Green tea derivative causes loss of appetite, weight loss in rats

Green tea derivative causes loss of appetite, weight loss in rats

February 23, 2000

Scientists at the University of Chicago's Tang Center for Herbal Medicine Research have found that a major chemical component of green tea caused rats to lose up to 21 percent of their body weight. Rats injected with epigallocatechin gallate (EGCG) derived from green tea leaves lost their appetites and consumed up to 60 percent less food after seven days of daily injections.

In previous studies, EGCG was observed to reduce the size of breast and prostate tumors in mice, a result that led Shutsung Liao, PhD, Director of the Tang Center and professor in the Ben May Department for Cancer Research and colleagues to study the effects of EGCG on the endocrine systems of rats.

The current study, published in the March issue of Endocrinology, reports that rats injected with EGCG for just a few days experienced significant changes in the blood levels of several hormones, including leptin. "This result was significant because previous research has shown that leptin is involved in controlling the appetite," says Liao, "but the result was very unexpected."

When Liao injected normal rats with EGCG, their leptin levels in the bloodstream went down. This should have caused the rats to eat more. Instead, they ate less.

Next, Liao injected rats whose leptin receptors had been desensitized. These rats were engineered to be immune to changes in leptin concentration. When these leptin- numb rats were injected with EGCG, the results were the same: the rats ate less.

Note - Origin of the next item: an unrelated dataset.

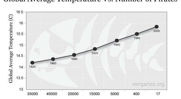 Puede que te interese saber que el calentamiento global , los terremotos , huracanes y otros desastres naturales son un efecto directo de la reducción del número de piratas desde 1800. Por su interés , he incluido un gráfico que establece la relación entre la disminución número aproximado de los piratas frente al aumento de la temperatura media mundial en los últimos 200 años. Como puede ver , existe una relación inversa estadísticamente significativa entre los piratas y la temperatura global .

"This reinforced the idea that leptin has nothing to do with the decrease in food intake. We suspect that EGCG may work through other hormonal systems that control appetite and body weight that we don't know about yet," says Liao. "We are currently investigating on a molecular level how EGCG works to suppress appetite."

In addition to decreased food intake and body weight, rats injected with EGCG had lower levels of testosterone (70 percent less in the bloodstream) and insulin. "These results may not have been a direct result of EGCG since food restriction could also cause these hormones to drop," said Liao.

To test whether the EGCG was the direct cause of the hormonal changes, Liao compared the EGCG-injected rats to controls who were fed a restricted diet. These rats showed similar decreases in testosterone and insulin levels, but some hormones changes were seen in the EGCG-injected rats that were not observed in the restricted diet rats.

"This means that some changes are directly due to EGCG," Liao said.

Because of the lower testosterone levels, the researchers also noticed that EGCG injections caused the prostate of healthy rats to decrease in weight. In some rats, the prostate lost 70 percent of its original weight. Lowering the testosterone level may be helpful in preventing the enlargement of prostate and the growth prostate cancer in older people, Liao said.

EGCG was less effective when rats were given the substance orally. "This may be because of poor absorption of EGCG or possibly because of an interaction with food," said Liao. The researchers also found that EGCG reduced abdominal and subcutaneous (just under the skin) fat, and blood levels of lipid, glucose and cholesterol, but did not appear to cause liver damage.

Although oral administration of EGCG was ineffective even after 14 consecutive days of large doses, Liao thinks that long-term oral consumption may mimic some of the results obtained with injection.

"A person would have to drink green tea almost constantly to obtain these results," said Liao. "And since some of the hormonal changes we saw in the rats could have negative effects, especially in younger people, I don't recommend drinking large quantities of green tea for everybody. Much more research needs to be done," cautioned Liao.

Other researchers on this study included Yung-hsi Kao, PhD, research associate in the Ben May Department for Cancer Research, and Richard Hiipakka, PhD, senior research associate in the Ben May Department for Cancer Research.